══ INPUT MATERIAL ══

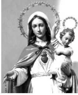
Chiesa della Presentazione della B. V. Maria
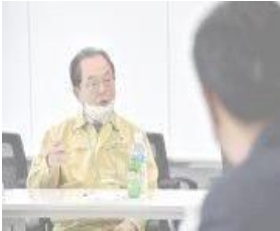
▲ 11 มี.ค. เยี่ยมศูนย์ติดต่อประสานงานบริเวณถนนซอมยอน
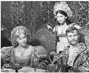
1967 LA MÈGÈRE APPRIVOISÉE (The Taming of the Shrew) de F. Zeffirelli avec Natasha Pyne
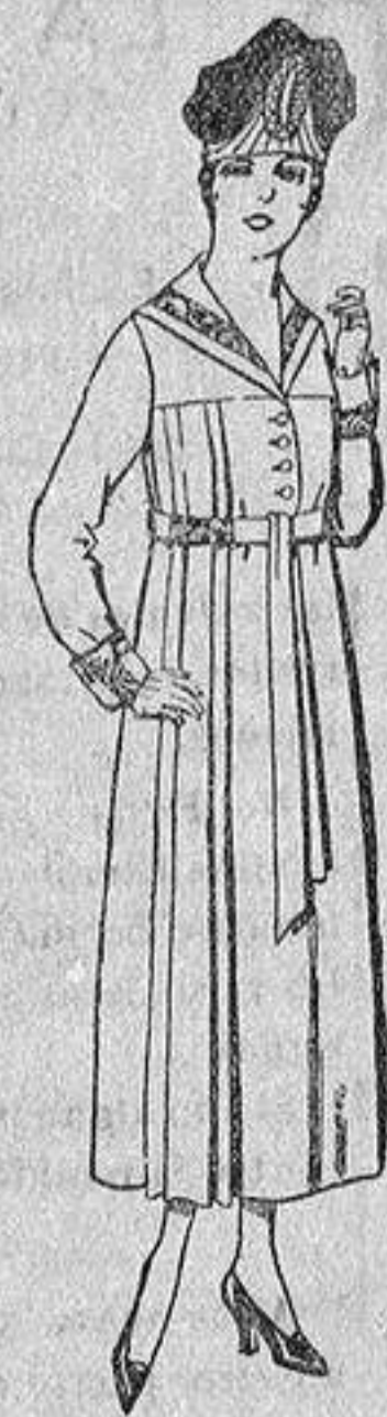
Vestidos de sarga inglesa, en negro, azul y color, bordados, de de ptas. 60 a 70.
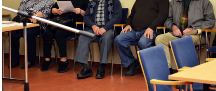
Több hozzászólással készültek

A képviselői hozzászólások után szót kapott Rig Lajos or-
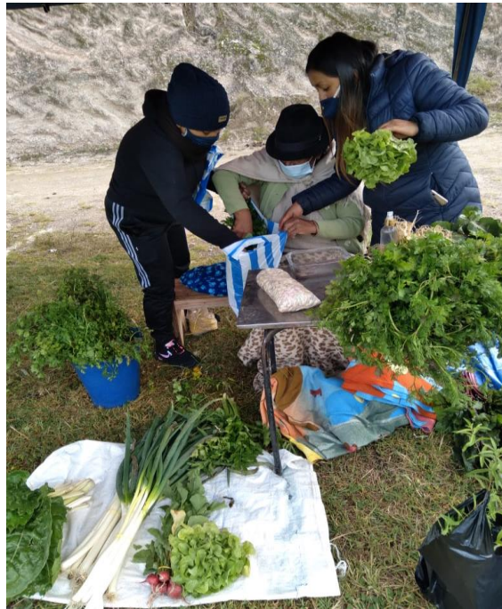
Figura 1. 3 Venta de productos producidos en la huerta

Estas prácticas, nos promete en lo tangible que es posible una vida digna pensada desde la economía feminista y campesina (Observatorio Social del Coronavirus 2020).
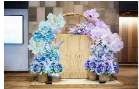
廃シーツを活用した紫陽花のフォトスポットが登場

◎本件に関する報道各位からのお問合せ 軽井沢プリンスホテル ウェスト 広報担当 TEL:0267-42-8115(セールス&マーケティング直通) FAX:0267-42-8118 https://www.princehotels.co.jp/karuizawa-area/
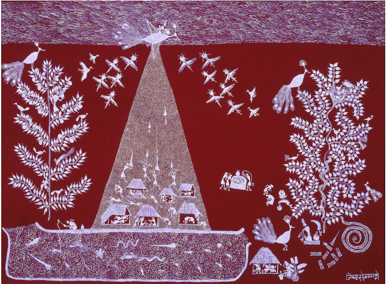
1. ジョヴァ・ソーマ・マーシェ 《パールから生まれた娘》1996年
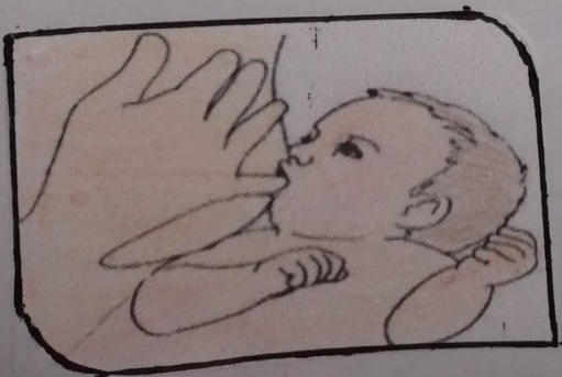
Como retirar el Pecho
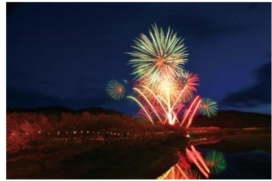
▲花火と夜桜の共演が楽しめます
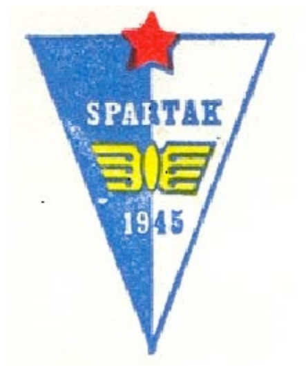
Прилог 10. Грб Спартака 7
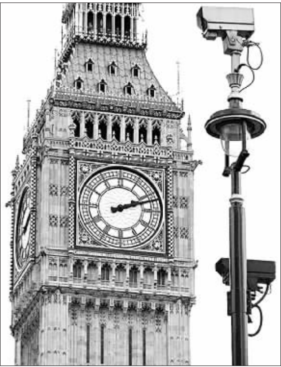
伦敦大本钟附近的灯柱设有多个闭路电视

由于X光摄影机会拍下民众的裸体照片,行人走在街上形同赤身露体,因此有关官员建议说,只由女职员负责监察女性对象。不过,对街头上人头攒动的情况,他们也承认要实行此法“非常困难”。
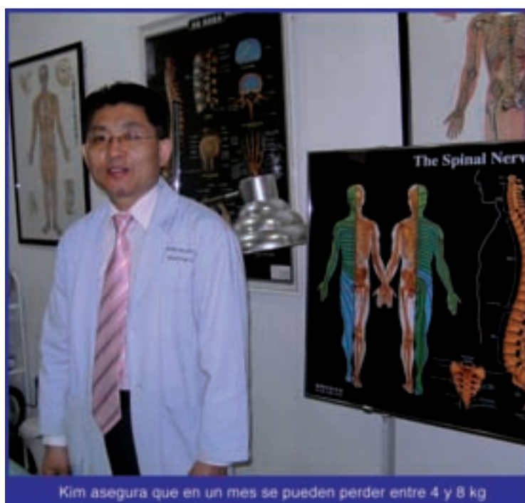
Kim asegura que en un mes se pueden perder entre 4 y 8 kg

Este tipo de cambios en los hábitos de vida, así como el aumento de la exposición al sol, son factores que están elevando la incidencia del melanoma en Espa-
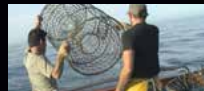
DONNE UN POISSON A UN HOMME

Documentaire : Alasthal Iyad - Musique : Tramini Laurence et Antoine - Texte poétique : Mahmoud Darwich - Production/Co-production : IUT de Corse DU CREATACC - G.R.E.C. - Durée : 23'16 - France - Corse - 2012.
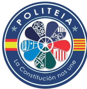
Asociación de policías de Cataluña | España
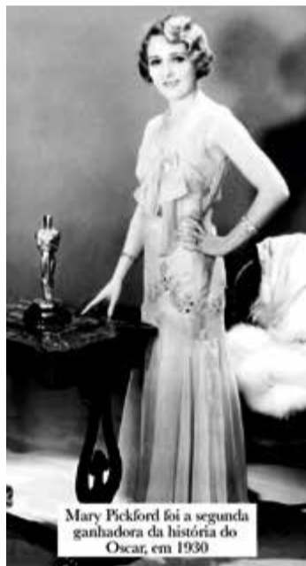
Mary Pickford foi a segunda ganhadora da história do Oscar, em 1930
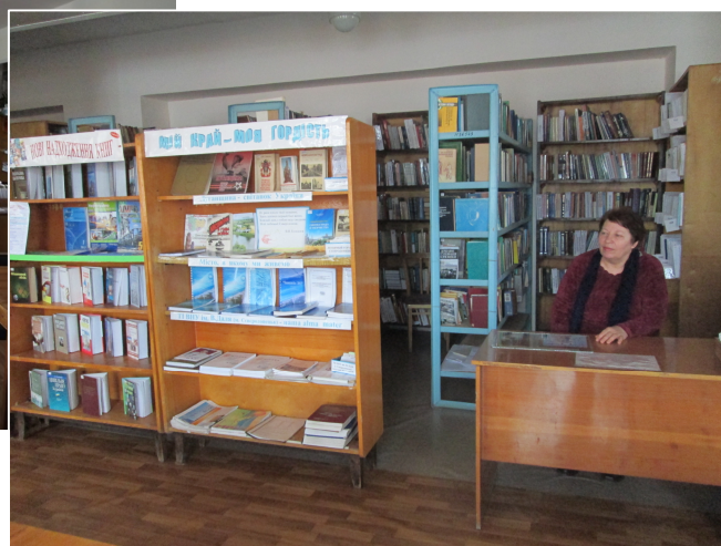
Абонемент НБ СЛУ ім. В.Даля

Навіть в тих умовах, що склалися, бібліотека поповнюється новими надходженнями літератури. Завдяки науковцям та викладачам різних закладів науки та освіти України, до бібліотеки надійшло більше 1000 примірників підручників, монографій та іншої навчальної і наукової літератури у паперовому та електронному варіантах. Крім того, тривають надходження дисертацій, авторефератів дисертацій, монографій, матеріалів наукових конференцій.
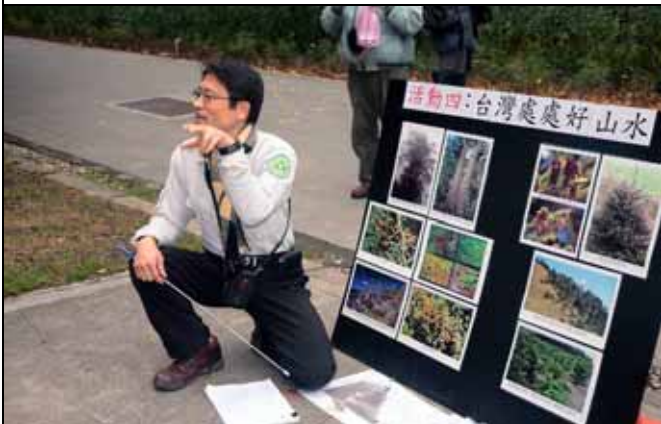
金敏老師還認真的查了不少資料補充內容
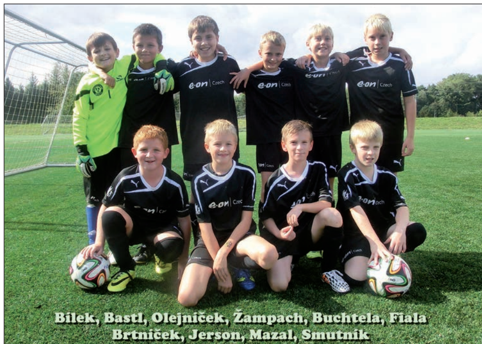
Starší přípravka A
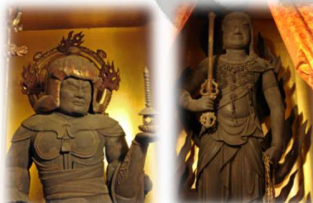
牛玉所殿の秘仏（祈祷所）

今は厄除けの神として当山鎮守の牛玉所大権現と合祀されておりますが、明治の廃仏毀釈で金毘羅山（金刀比羅宮）から移られた、金毘羅大権現の御本体と云われています。
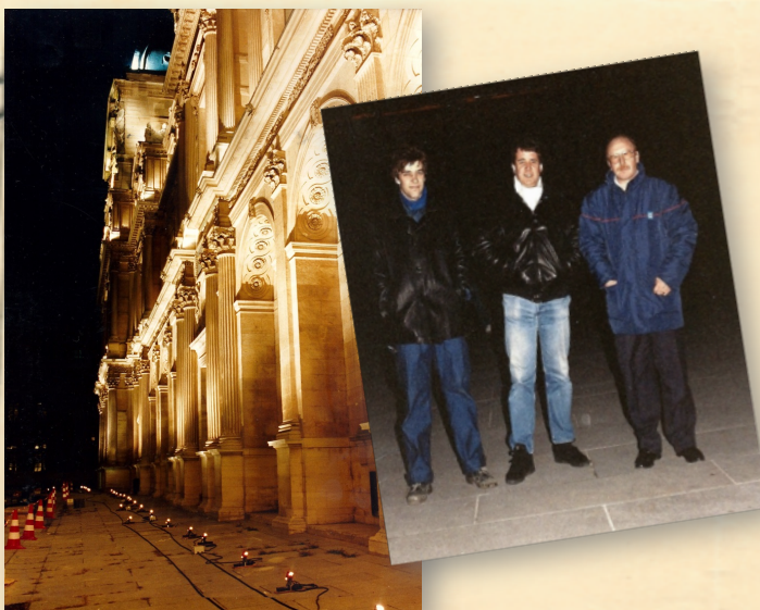
1er essai avec des spots équipés de lampes halogène 50W
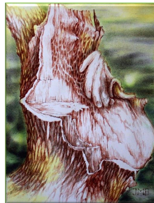
Evolution - gravidity Evolution - Gravidity
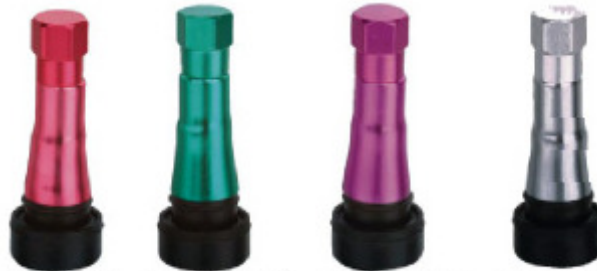
TR600HP-R TR600HP-G TR600HP-P TR600HP-C
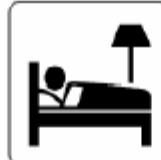
ホテル / 宿泊施設 Hotel / Accommodation 호텔 / 숙박시설 酒店 / 宿泊设施
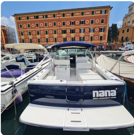
Tiara 2900 Coronet transom
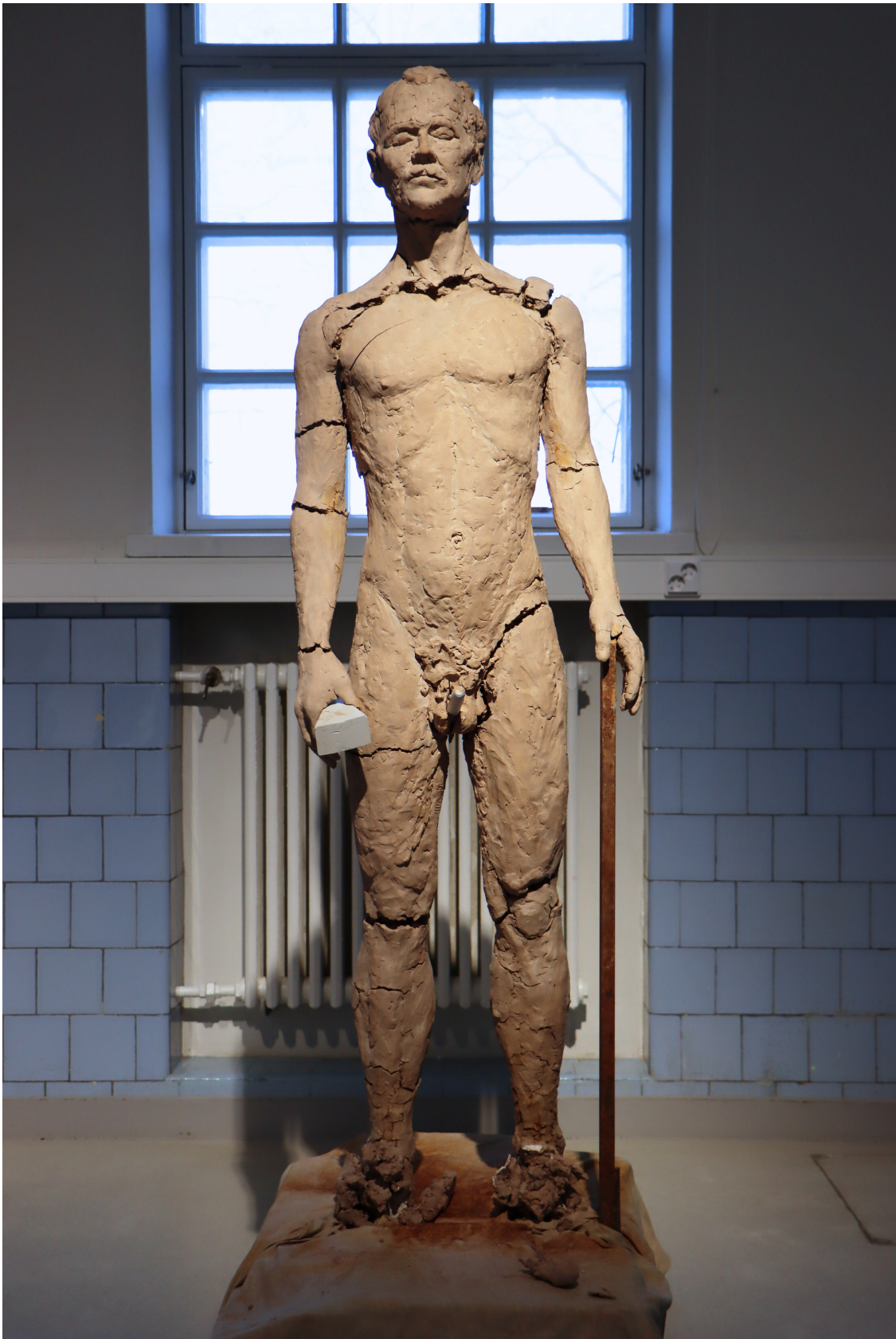
3. veistos "Väki ja valta"-peliperformanssin ja opinnäytetyönäyttelyn jälkeen kuivuneena, Taidekeskus Mältinranta, 18.4.2023

═══

** PROMPT **
Word for word, give again the lines from the first entry to the line with "Vestidos de sarga", inclusive. Exclude the pictures.

** YOUR SOLUTION **
Chiesa della Presentazione della B. V. Maria
▲ 11 มี.ค. เยี่ยมศูนย์ติดต่อประสานงานบริเวณถนนซอมยอน
1967 LA MÈGÈRE APPRIVOISÉE (The Taming of the Shrew) de F. Zeffirelli avec Natasha Pyne
Vestidos de sarga inglesa, en negro, azul y color, bordados, de de ptas. 60 a 70.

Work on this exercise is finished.